# Building Neural Network

In [2]:
import torch
from torchvision import transforms, datasets 

# init training and testing data
train = datasets.MNIST("", train =True, download=True, 
                       transform=transforms.Compose([transforms.ToTensor()]))

test = datasets.MNIST("", train =False, download=True, 
                       transform=transforms.Compose([transforms.ToTensor()]))

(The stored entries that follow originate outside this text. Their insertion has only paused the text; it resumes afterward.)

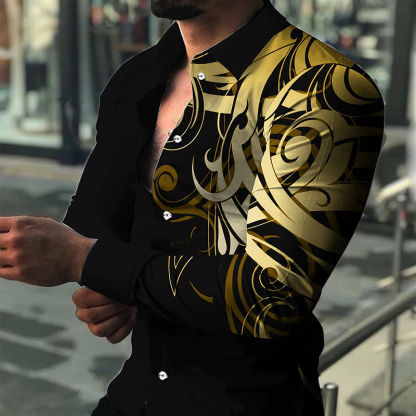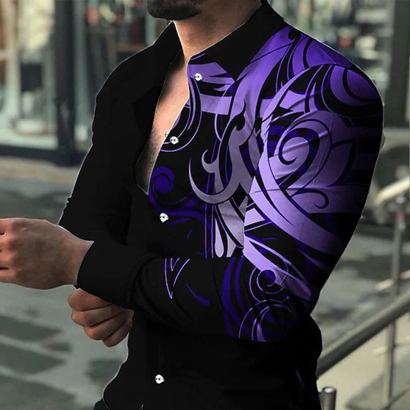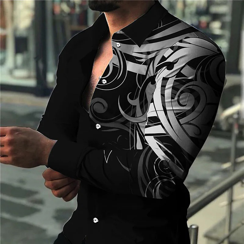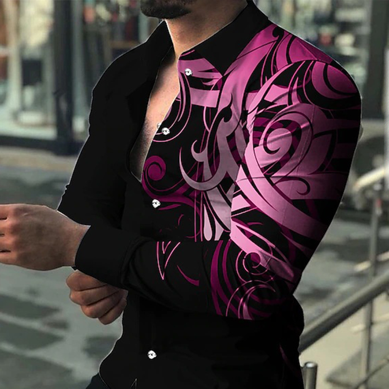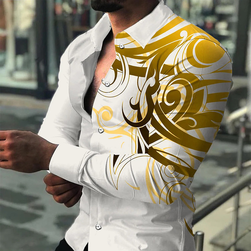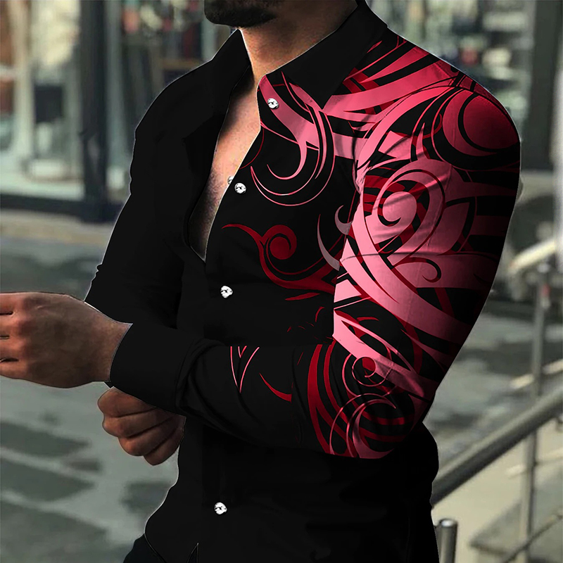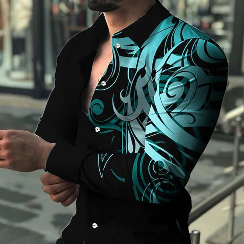 Fashioin Turndown Collar Single-breasted Abstract Pattern Shirt
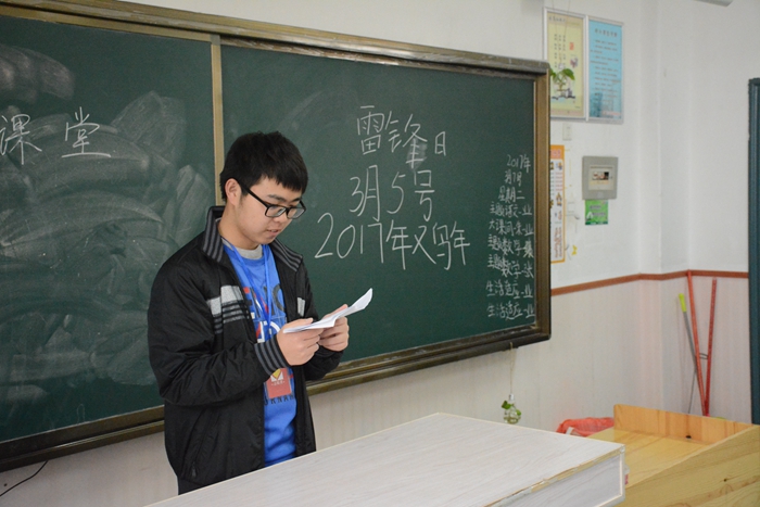 第二节课的内容是朗诵雷锋诗。一张小小的A4纸,印着的不仅是雷锋诗词,更是志愿者们的拳拳期望。不厌其烦地教孩子们读着,他们知道,读完这首诗可能作用并不大。但是只要他们多认识了一个汉字,多知道了一个故事,多体会了一点点雷锋叔叔的精神,都是值得的。
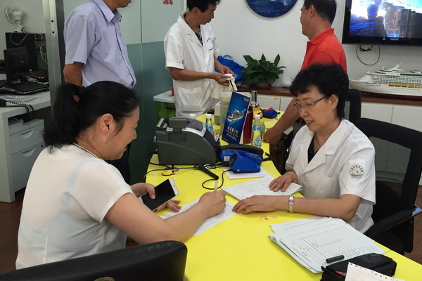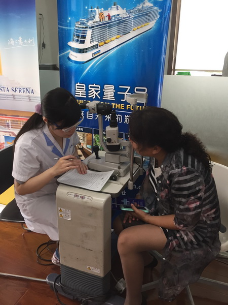 2015.7.10天津市眼科医院光明大巴来到市国际旅行社为88名职工进行了眼科义诊检查。
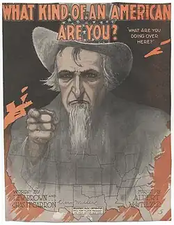 ![]() Sheet music cover of "What Kind of an American Are You?" | |

# Training and Testing sets
trainset = torch.utils.data.DataLoader(train, batch_size=10, shuffle=True) # Batch size dictates how much data is passed through model at a time
testset = torch.utils.data.DataLoader(test, batch_size=10, shuffle=True) # Shuffle creates randomness - improves generalization

In [3]:
import torch.nn as nn 
import torch.nn.functional as F

In [8]:
class Net(nn.Module):
    def __init__(self):
        super().__init__() # Required
        self.fc1 = nn.Linear(28*28, 64) # Fully connected first layer, output -> 3 layers of 64 neurons
        self.fc2 = nn.Linear(64, 64)
        self.fc3 = nn.Linear(64, 64)
        self.fc4 = nn.Linear(64, 10) # 10 outputs (1 for each number)
    
    def forward(self, x): # How data flows through network
        x = F.relu(self.fc1(x)) # Relu activation function
        x = F.relu(self.fc2(x))
        # Can put logic in here (more advanced)
        x = F.relu(self.fc3(x))
        x = self.fc4(x)
        return F.log_softmax(x, dim=1)
    
net = Net()
print(net)

Net(
  (fc1): Linear(in_features=784, out_features=64, bias=True)
  (fc2): Linear(in_features=64, out_features=64, bias=True)
  (fc3): Linear(in_features=64, out_features=64, bias=True)
  (fc4): Linear(in_features=64, out_features=10, bias=True)
)


In [27]:
X = torch.rand((28,28))
X = X.view(-1,28*28) # Flattening

In [28]:
output = net(X)
output

tensor([[-2.4504, -2.1972, -2.2861, -2.4013, -2.1790, -2.1951, -2.3202, -2.3966,
         -2.4476, -2.2066]], grad_fn=<LogSoftmaxBackward>)